Sequences from RNA-seq were processed like ribosome footprints except size selection (reads at least 25nt long were considered). Read counts per replicate were between 23 308 777 and 78 566 554, resulting in 11 065 179 to 68 433 052 reads mapped to mRNA transcripts. The count of reads aligning to a specific mRNA was used to normalize the respective number of footprints to calculate translation efficiency. The procedures described here were implemented and carried out using Galaxy (36) and custom Python and R scripts. Differential translation efficiency was assessed using Xtail (37).
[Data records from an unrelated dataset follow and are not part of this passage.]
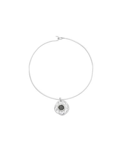 The Kaia Charm Choker features a stunning silver wire necklace and hammered coin with black stone charm. This piece draws inspiration from the full moon.
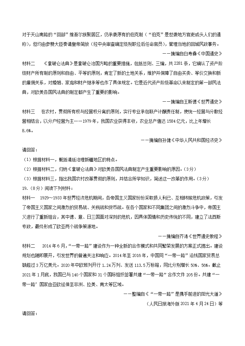 【文档名称】 2021年重庆大渡口中考历史真题及答案(B卷)(Word版).doc
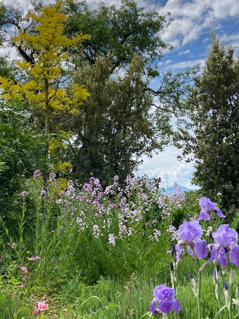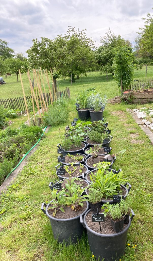 Le jardin de Saint-Gall, né au IXᵉ siècle, dessinait un monastère vivant et autosuffisant : potager nourricier, herbularius soignant, verger généreux — chaque espace au service du vivant et de la communauté. Au Jardin des Ochettes, cet esprit se prolonge : sous les sureaux et les noisetiers, les légumes d’été côtoient les simples médicinales. Un lieu où l’on cultive à la fois la terre, le soin et le lien.
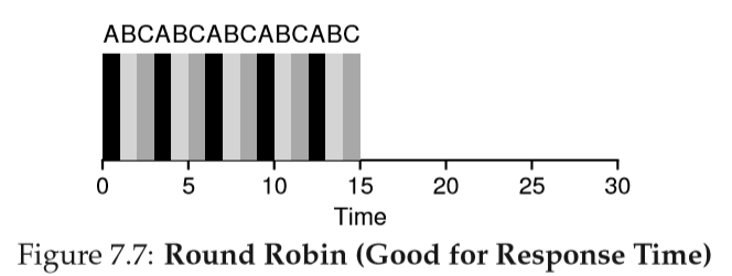 기본 발상: Instead of running jobs to completion, RR runs a job for a time slice(or scheduling quantum) and then switches to the next job in the run queue.
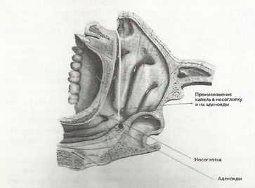При закапывании капель очень важно применять специальные приемы, благодаря которому непосредственно в носоглотку, растекаясь при этом по всей ее поверхности (глубокие отделы носа и аденоиды).

Inclusion threshold was set at 0.05 (unadjusted P-values) or 0.1 (Benjamini–Hochberg-adjusted P-value, adjusted for multiple testing, for pmt1Δ + v/ pmt1⁺ OE) for use in further enrichment analysis for comparisons wt/ wt+Q, pmt1Δ/ pmt1Δ+Q, pmt1Δ/wt, pmt1Δ+Q/ wt+Q, pmt1Δ/ wt + Q and pmt1Δ + v/ pmt1⁺ OE. GO enrichment analysis was performed using DAVID functional annotation tool, with significance level equal to 0.1 on P-values adjusted for multiple testing.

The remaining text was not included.